» What is expected
Leave out the pictures, and retype the remaining data exactly.

» Available data
◆ ◆ ◆

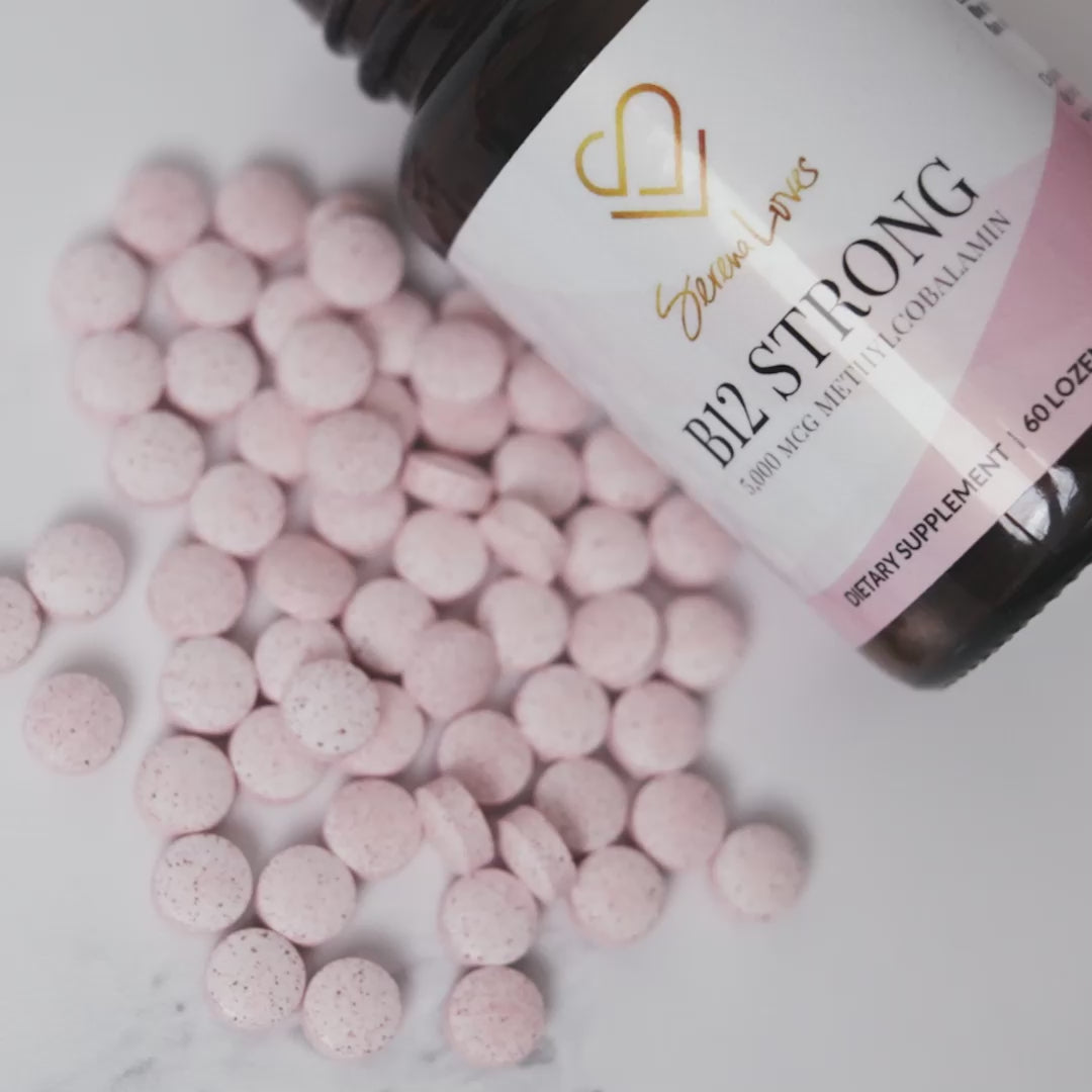 B12 is important for optimal energy levels, a healthy brain and nervous system, and DNA synthesis. B12 Strong lozenges dissolve in the mouth (let them dissolve, rather than chewing them!), allowing B12 to absorb into the bloodstream through the mucosa of the mouth, rather than relying entirely upon adequate absorption in the stomach.
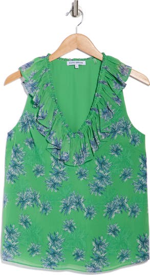 Flowy ruffles outline the V‑neckline of this weekend‑ready sleeveless top covered in fern‑leaf motifs.
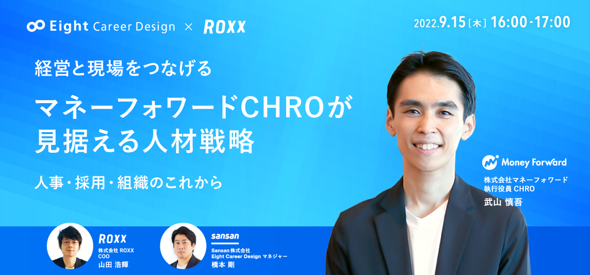 そこで今回は、株式会社マネーフォワードCHROの武山様をお招きし、CHROが考えるこれからの人材戦略を、採用・組織・人事の役割の観点からお話しいたします。
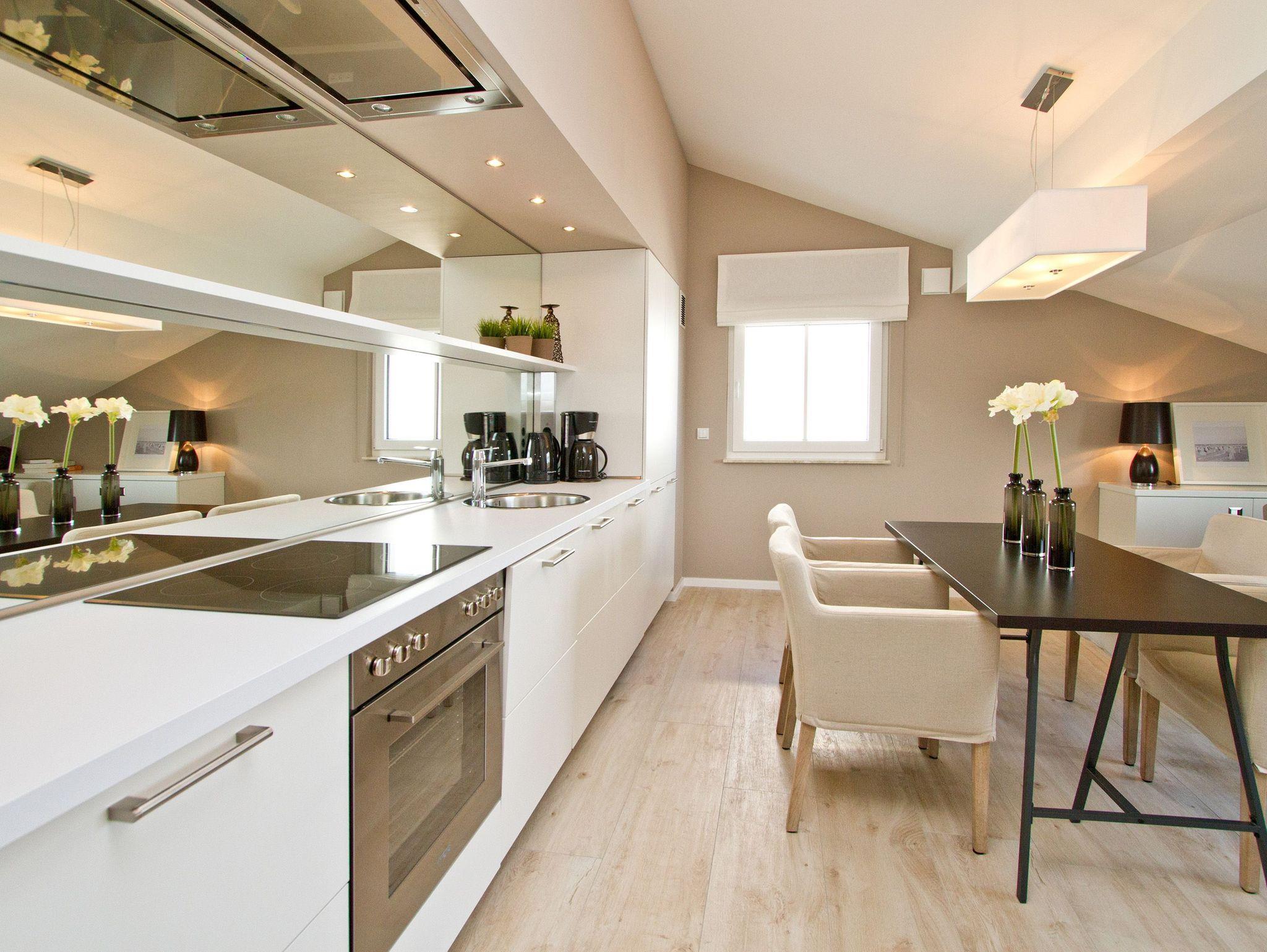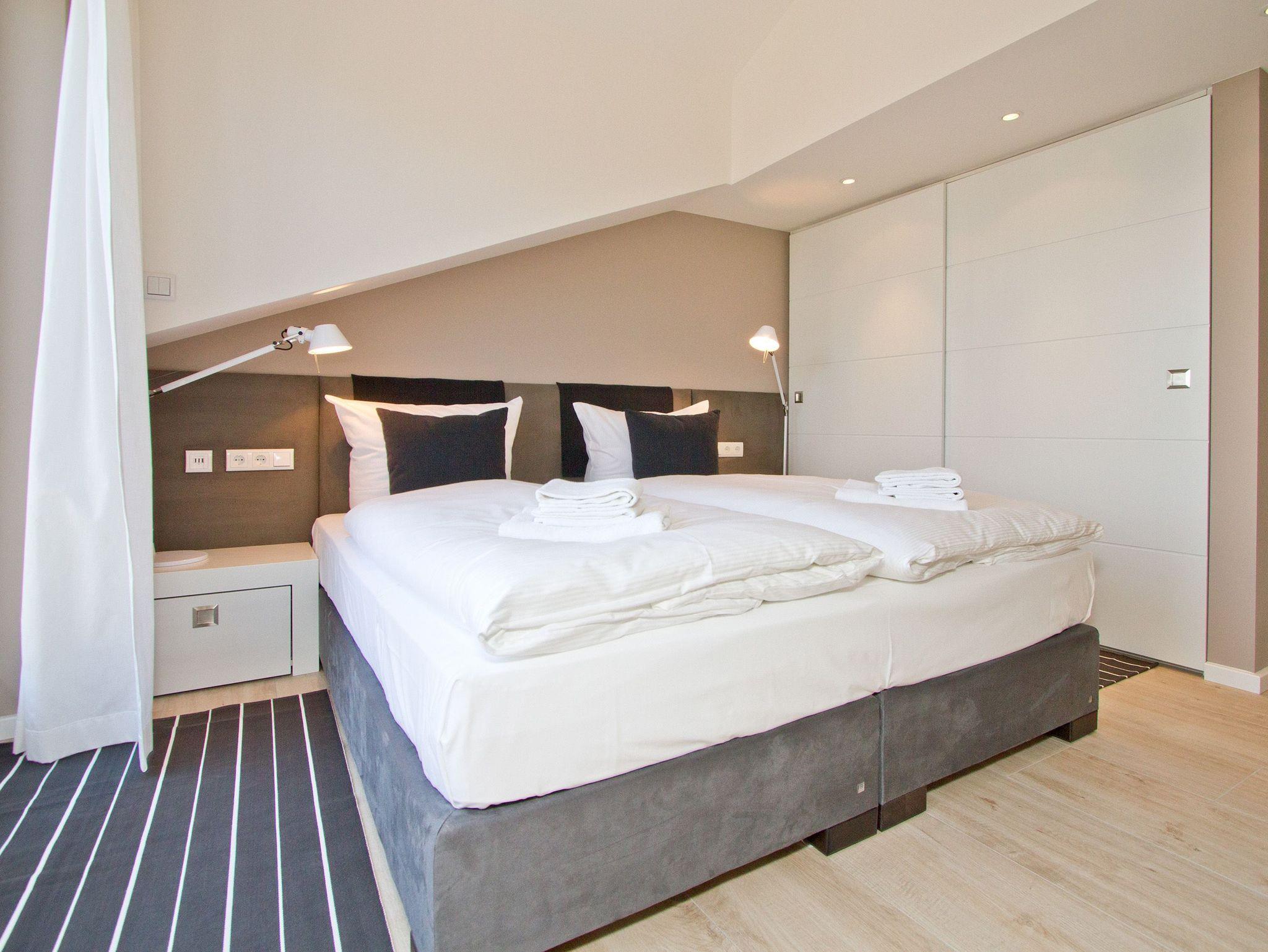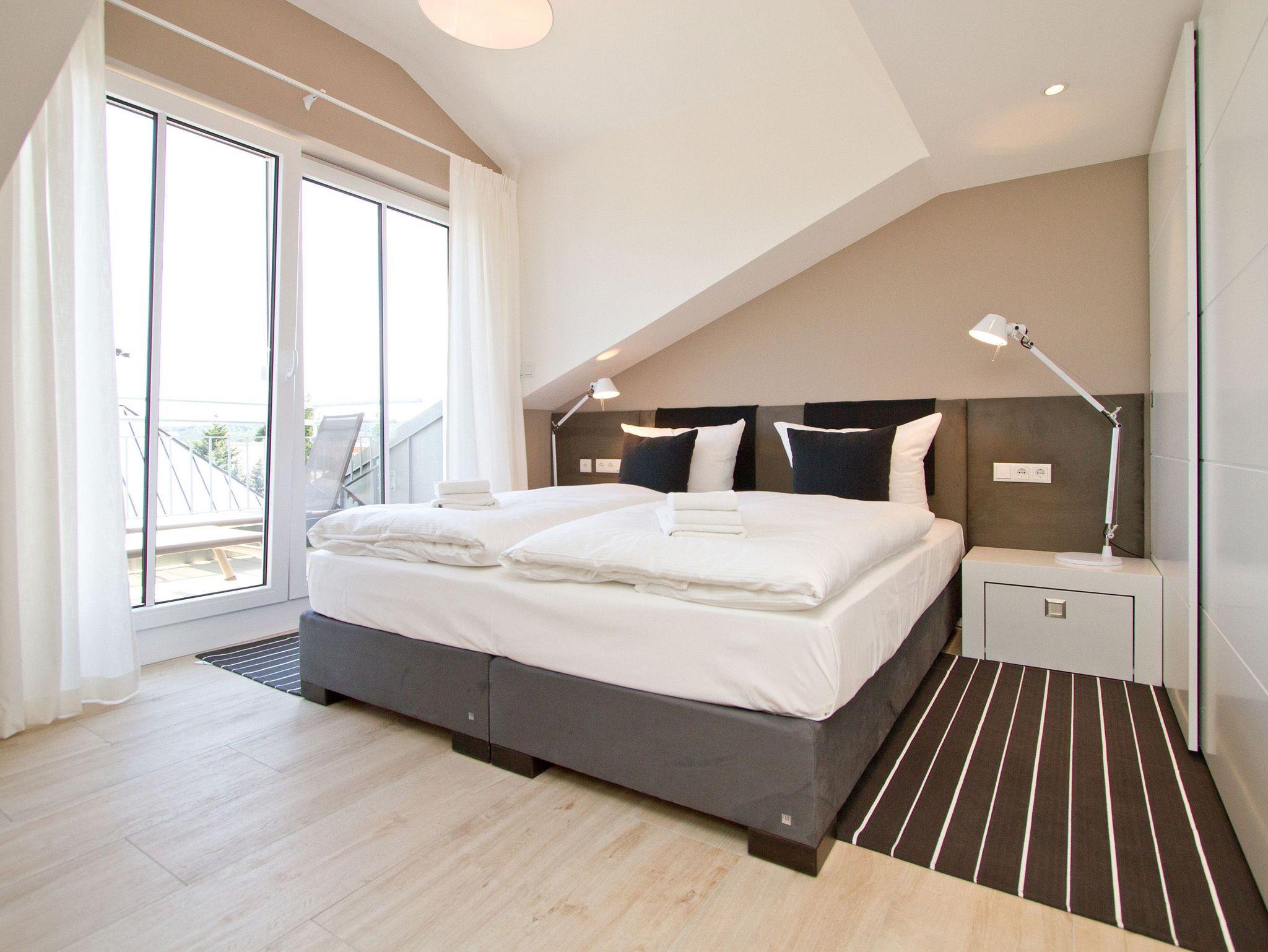 Dieses Domizil [&] den Ausblick auf die Ostsee werden Sie lieben! Direkt unter dem Dach des Hauses gelegen, erwartet Sie eine stylische 2-Raum-Ferienwohnung (55 qm) für 2 Personen und ein Kleinkind (bis 3 Jahre im Kinderreisebett). Modernes Design, geschmackvoll abgestimmte Farben und schöne Dekorationen wurden von gekonnter Innenarchitektenhand arrangiert und versetzen Sie schnell in Urlaubslaune. Der Wohnbereich mit bequemer Sitzgruppe, Flat- TV und Design-Gaskamin wird ergänzt durch die offene, komplett ausgestattete Küche und den angrenzenden Essplatz. Das Schlafzimmer mit komfortablen Einbauten und Boxspringbett (1,80 x 2 m) verfügt über einen schönen Balkon (Ostseite) mit Blick auf die Ostsee. Auch der zweite sonnige Balkon (mit Zugang vom Wohnbereich) mit Gartenmöbeln bietet über die Dächer der alten Villen einen schönen Blick auf das Meer. Im großzügigen Bad finden Sie eine Echtglasdusche [&] WC. Für Ihren Komfort sind die Betten bei der Anreise bezogen und Handtücher liegen bereit. Ein Pkw-Stellplatz ( Nr. 2) steht in der Tiefgarage zur Verfügung. Auf Wunsch stellen wir ein Kinderreisebett (ohne Matratze [&] Bettzeug) und einen Kinderhochstuhl gegen einen Aufpreis zur Verfügung.

◆ ◆ ◆

» Completed exercise
 B12 is important for optimal energy levels, a healthy brain and nervous system, and DNA synthesis. B12 Strong lozenges dissolve in the mouth (let them dissolve, rather than chewing them!), allowing B12 to absorb into the bloodstream through the mucosa of the mouth, rather than relying entirely upon adequate absorption in the stomach.
 Flowy ruffles outline the V‑neckline of this weekend‑ready sleeveless top covered in fern‑leaf motifs.
 そこで今回は、株式会社マネーフォワードCHROの武山様をお招きし、CHROが考えるこれからの人材戦略を、採用・組織・人事の役割の観点からお話しいたします。
 Dieses Domizil [&] den Ausblick auf die Ostsee werden Sie lieben! Direkt unter dem Dach des Hauses gelegen, erwartet Sie eine stylische 2-Raum-Ferienwohnung (55 qm) für 2 Personen und ein Kleinkind (bis 3 Jahre im Kinderreisebett). Modernes Design, geschmackvoll abgestimmte Farben und schöne Dekorationen wurden von gekonnter Innenarchitektenhand arrangiert und versetzen Sie schnell in Urlaubslaune. Der Wohnbereich mit bequemer Sitzgruppe, Flat- TV und Design-Gaskamin wird ergänzt durch die offene, komplett ausgestattete Küche und den angrenzenden Essplatz. Das Schlafzimmer mit komfortablen Einbauten und Boxspringbett (1,80 x 2 m) verfügt über einen schönen Balkon (Ostseite) mit Blick auf die Ostsee. Auch der zweite sonnige Balkon (mit Zugang vom Wohnbereich) mit Gartenmöbeln bietet über die Dächer der alten Villen einen schönen Blick auf das Meer. Im großzügigen Bad finden Sie eine Echtglasdusche [&] WC. Für Ihren Komfort sind die Betten bei der Anreise bezogen und Handtücher liegen bereit. Ein Pkw-Stellplatz ( Nr. 2) steht in der Tiefgarage zur Verfügung. Auf Wunsch stellen wir ein Kinderreisebett (ohne Matratze [&] Bettzeug) und einen Kinderhochstuhl gegen einen Aufpreis zur Verfügung.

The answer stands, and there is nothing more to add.